The year 1890 in art involved some significant events.

Events
 January 18 – February 23 – Seventh annual exhibition of Les XX in Brussels includes a display of work by Vincent van Gogh. Henry de Groux criticises his paintings but Albert Aurier praises them. From the exhibition, van Gogh sells The Red Vineyard to Anna Boch, said to be the only sale of his work during his lifetime.
 March 20 – April 27 – The Société des Artistes Indépendants show in Paris includes a major display of van Gogh paintings.

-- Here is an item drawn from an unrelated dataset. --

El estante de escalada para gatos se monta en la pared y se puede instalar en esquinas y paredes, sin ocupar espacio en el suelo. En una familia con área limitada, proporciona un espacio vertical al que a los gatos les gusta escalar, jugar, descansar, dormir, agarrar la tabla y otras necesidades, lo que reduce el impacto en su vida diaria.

 May 20 – Van Gogh moves to Auvers-sur-Oise on the edge of Paris in the care of Dr Paul Gachet where he will produce around seventy paintings in as many days. More than a dozen are size 30 canvases (92 x 65 cm).
 June–July – Van Gogh develops his double-square painting technique, e.g. in the July paintings Wheatfield with Crows and Wheatfield Under Thunderclouds.

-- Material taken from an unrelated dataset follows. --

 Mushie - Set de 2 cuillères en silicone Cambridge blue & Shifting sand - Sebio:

 July 27 – Death of Vincent van Gogh: van Gogh perhaps paints Tree Roots, then apparently shoots himself, dying two days later.

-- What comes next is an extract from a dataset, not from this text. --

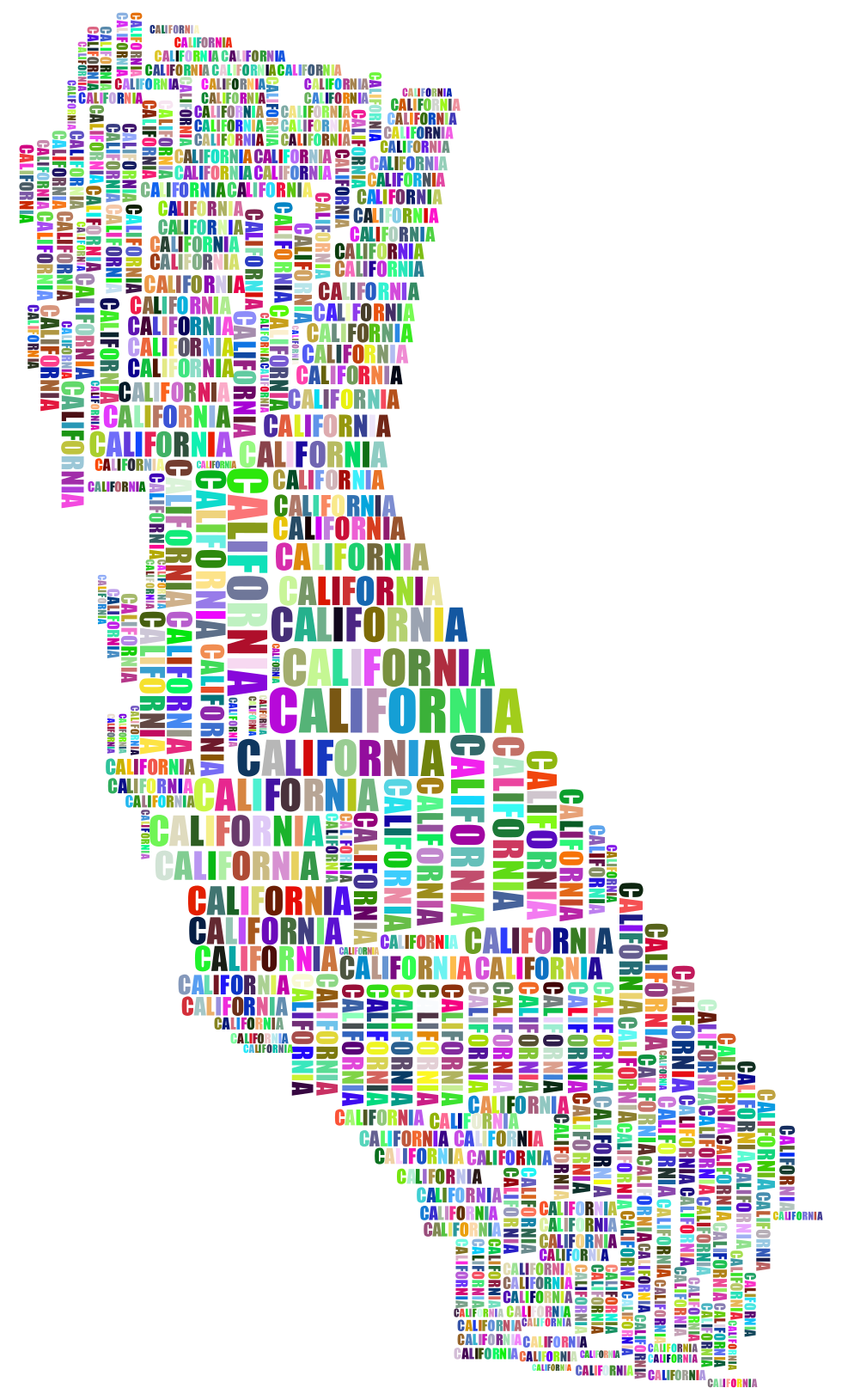 This is a creative and colorful representation of the state of California. It features a large, detailed outline of the state with various words and phrases written in different colors to create a visually appealing design. The text is arranged in such a way that it forms the shape of the state, showcasing its unique geographical features. This artistic representation of California serves as an interesting and engaging visual representation of the state's identity.

 September 20 – Theo van Gogh, assisted by Émile Bernard, mounts an improvised retrospective exhibition of his brother Vincent's works in Theo's former Paris apartment.
 November – Lucien Pissarro settles permanently in London.
 Société Nationale des Beaux-Arts revived in Paris under the leadership of Ernest Meissonier (its President), Pierre Puvis de Chavannes, Jules Dalou, Auguste Rodin, Carolus-Duran, Bracquemond and Albert-Ernest Carrier-Belleuse, with an annual exhibition reviewed as the Salon de Champ-de-Mars, opening a fortnight later than the official Paris Salon.
 Claude Monet begins painting his Haystacks series.
 Newlyn Industrial Class set up at the fishing port in Cornwall (England) and begins production of Newlyn Copper repoussé work.

Works

 Anna Ancher – Syende fiskerpige (Sewing Fisherman's Wife)
 William-Adolphe Bouguereau
 L'Amour et Psyché, enfants
 The Bohemian
 Gabrielle Cot
 A Little Coaxing
 Frank Brangwyn – Funeral at Sea
 Dennis Miller Bunker – Jessica
 Edward Burne-Jones
 The Legend of Briar Rose
 with William Morris and John Henry Dearle – The Adoration of the Magi (tapestry woven by Morris & Co. for Exeter College, Oxford)
 Cyrus Edwin Dallin – Signal of Peace (bronze)
 Thomas Dewing – Summer
 Francis Edwin Elwell – Dickens and Little Nell (bronze)
 Henri Fantin-Latour – Portrait of Sonia
 Fidus (Hugo Höppener) – Light Prayer
 J. W. Godward
 Athenais
 Flowers Of Venus
 A Pompeian Bath
 James Guthrie – The Morning Paper
 John Haberle – The Palette
 William Harnett – The Faithful Colt (Wadsworth Atheneum, Hartford, Connecticut)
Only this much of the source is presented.